Trêve de plaisanterie, je suis un peu en retard! Je fonce prendre le métro direction Champ de Mars, près du Vieux-Montréal, pour retrouver Servane, une autre Française que je connaissais avant le départ. Nous ne nous sommes vus que le temps d'un weekend, il y a quelques mois, mais son visage fait plaisir à voir. Elle aussi étudie la littérature, mais à l'Université de Montréal. Vite, nous prenons le chemin du Vieux Montréal et du Vieux Port. Après quelques minutes passées à admirer la vue, nous abordons l'idée de nous restaurer. Routard en main, nous nous rendons prêt du Square Victoria pour manger dans un restaurant réputé de la smoking meat, spécialité montréalaise. Résultat en image!
Après nous être régalés (hum hum), nous nous redirigeons dans le Vieux-Montréal. A vrai dire, inutile de décrire chaque photo; à noter, la jolie polychromie du palais des Congrès. Néanmoins, la basilique Notre-Dame mérite une explication. Sous ses airs austères se cache le comble du kitch néo-gothique français. Après avoir payé 5 CA$ l'entrée, nous visitons ladite basilique (qui servit de cadre à la cérémonie du mariage entre Céline et René, soit dit en passant). Construit au XIXème siècle, cet édifice catholique s'inspire très librement de la Sainte Chapelle à Paris. Servane et moi sommes sous le choc.
Nous nous avançons sur le Vieux Port. La vue sur les grattes-ciel du centre ville est tout autre que celle de la veille. Mais ce qui frappe le plus, ce sont les couleurs. Il fait beau comme jamais, et dans ma tête, je médite les vers d'Aragon. "Un temps à rire, un temps à courir, un temps à mourir".
Il est très vite temps pour moi de partir. A 19 heures, Sherwin, un garçon, me ramènera à Québec. J'embrasse Servane, que j'invite à venir me rendre visite dans la Capitale. Puis, un dernier café à la main, je quitte le centre-ville pour la station Longueil. 19 heures, je suis dans la voiture. Arrivée à Québec à 21 heures (notre conducteur, d'origine asiatique, s'est laissé aller à quelques excès de vitesse!). Dans la voiture, je suis à côté de Sherwin. Je suis bercé par le moteur et les lumières de l'autoroute. Fatigué par ces trois jours, je repense à tout ce que je viens de voir.

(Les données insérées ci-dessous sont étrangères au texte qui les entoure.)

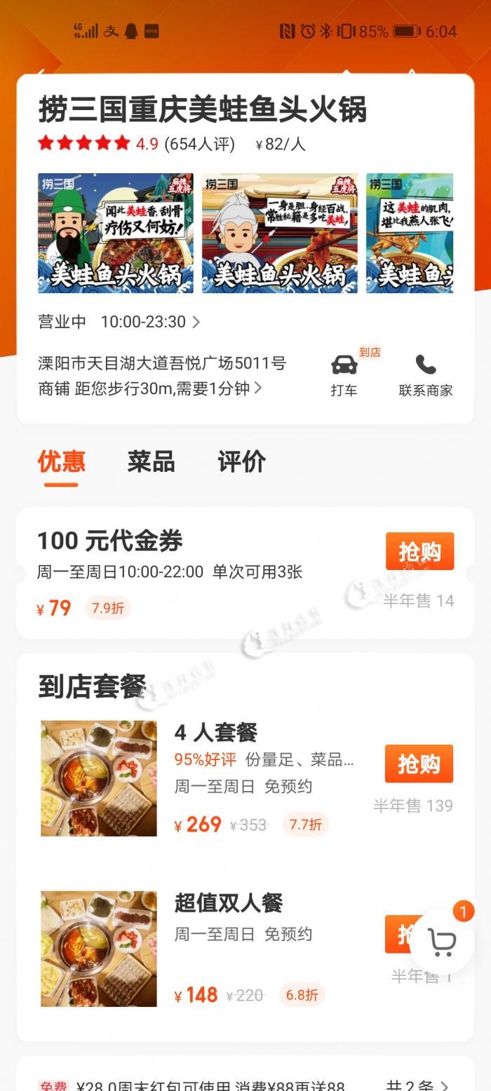 今天联联放券,溧阳五楼捞三国推出套餐99元2~3人。

Difficile de conclure. J'ai aimé Montréal. Non. J'ai adoré. Je ne saurai pas trop dire pourquoi. Peut-être ce patchwork qu'est la ville. Sans doute le temps et la couleur des arbres auront-ils aidé. Les personnes que j'ai (re)trouvées, forcément. Quand retournerai-je à Montréal? Et si j'y retourne, encore... Je relis les feuilles gribouillées, et me rends compte de l'extrême diversité des choses qui y sont écrites. J'ai des sensations bizarres, et contradictoires. Je regarde l'heure. Il est une heure du matin. Et dans quelques heures je devrai présenter Hervé Guibert, qui me tient tant à coeur, à des étudiants québécois. Mais je suis encore à Montréal, dans ses avenues colorées et animées. Je suis quelque part sur l'île Sainte Hélène, à contempler les sculptures d'acier. Je suis encore sur le Mont Royal, à admirer les rues qui se prolongent derrière les buildings. Je suis surtout quelque part dans ce cimetière, à capter la lumière qui éclabousse sur les tombes. Comme si je m'étais oublié le temps de trois jours et que j'avais oublié de reprendre mon ombre avant de retrouver la ville de Québec.

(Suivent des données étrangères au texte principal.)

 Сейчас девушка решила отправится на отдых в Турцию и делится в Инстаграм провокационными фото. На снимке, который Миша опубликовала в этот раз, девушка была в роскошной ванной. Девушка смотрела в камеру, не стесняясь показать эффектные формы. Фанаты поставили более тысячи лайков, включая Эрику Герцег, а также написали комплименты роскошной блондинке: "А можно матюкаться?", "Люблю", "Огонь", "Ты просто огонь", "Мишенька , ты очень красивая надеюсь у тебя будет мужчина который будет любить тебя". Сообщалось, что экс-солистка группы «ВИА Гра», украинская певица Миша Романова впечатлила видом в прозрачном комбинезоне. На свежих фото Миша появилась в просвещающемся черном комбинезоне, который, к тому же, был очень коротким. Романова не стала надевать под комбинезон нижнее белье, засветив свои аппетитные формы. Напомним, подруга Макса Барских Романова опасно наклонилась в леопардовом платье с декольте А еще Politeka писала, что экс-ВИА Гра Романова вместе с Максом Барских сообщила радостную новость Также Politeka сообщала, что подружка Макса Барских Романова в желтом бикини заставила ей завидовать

Mais enfin il faut cesser ce babillage, et aller dormir! Bonne lecture.
Hého ! Rappelle-toi, petit arrogant, que LA Capitale, c'est Ottawa ! Tu es bien vite devenu Québécocentré... ;-) Très bel article, touchant et tentant... Je ne connais Montréal que sous la neige, j'espère y faire bientôt un tour tant qu'il ne fait pas encore trop froid. Je t'attends de pied ferme dans deux semaines !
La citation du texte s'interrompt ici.